Out of the push of the articulate (Beiderbecke’s gorgeous speaking sound) against the inchoate (his insistent confusion, about his music and his life) arises the novel’s pain and beauty. And perhaps its documentary precision too. The real Beiderbecke, Turner persuades us, may well have been like this. Acquaintances adored him but found no access. Drawn by the music, they were stymied first by the self-containment, then by the self-destruction.

To play out their experience, Turner makes his fullest foray from documentary into fiction, creating a brother and sister, Herman and Helen Weiss, each differently devoted to Beiderbecke and differently despairing of him. Both are enchanted by his music, and both move with him through the same bruising worlds, Herman as a henchman to the mob, Helen as the mistress of a mobster. Herman functions as the story’s Ishmael, its sole survivor and chief witness (the book begins and ends with him, now an old man in present-day Davenport, sifting through his memories of Beiderbecke).

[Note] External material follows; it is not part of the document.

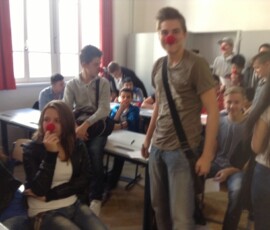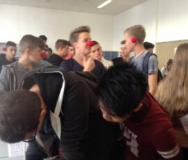 Wir – 5a, 5b und 5c – waren heute, am 19. September 2014, für die Roten Nasen sammeln. Das ist eine ganz wichtige Spendenaktion für schwerkranke Kinder in Krankenhäusern, deren Schicksal durch Humor etwas erleichtert werden soll. Wir sind glücklich, dass wir dazu auch unseren Beitrag leisten können. Das Spenden sammeln selbst ist jedoch kein Kinderspiel…

His sister’s role is more intricate, a blend of obscure fact and sustained imagination. In real life, Beiderbecke fell in love with someone new just months before his death; aside from her name (actually Alice O’Connell, and not, as jazz historians long thought, Helen Weiss) little is known of her. Turner lengthens and deepens this relationship into the most tender of the book. His Bix and Helen meet early, then re-encounter each other at every stage of their raucous, weary pilgrimage, as the damage deepens, hers from the violence of her mobster boyfriend, his from drink and inner darkness. In Hollywood, at the book’s midpoint, he takes care of her; in New York, near his life’s end, she takes care of him, and their reciprocal kindness measures the merit in them both–a mixture of affection and futility.

In Beiderbecke, helplessness gradually suffocates artistry; in Turner’s novel, the two abet each other. As readers we are always helpless: We cannot jump into the book to meddle with the characters or fix their fates. Turner applies this general principle to particular predicaments. He makes our helplessness mirror that of Beiderbecke and of those in the story who care for him, and he renders it, for us as it is for them, not so much a source of exasperation as a conduit for feelings of love and loss.

As its title insists, “1929” is a book of endings. The year that closed the decade brought the stock-market crash that closed its culture; afterward, almost everything was different. In a crossplay that Turner delicately monitors, the movies advance from silence to sound, while Beiderbecke lapses from sound to final silence. “Bix,” a friend of his once said, “died of everything.” At the end of the book, Turner makes deft use of the line, but from the start he has made good on all that it implies. He conjures up the 1920s’ “everything” so convincingly that it seems instead to have brought itself back into being, and thereby to resurrect the dazzling musician whose art it shaped and stopped. In “1929” Turner does brilliantly what the records still do best: He makes Bix Beiderbecke live again.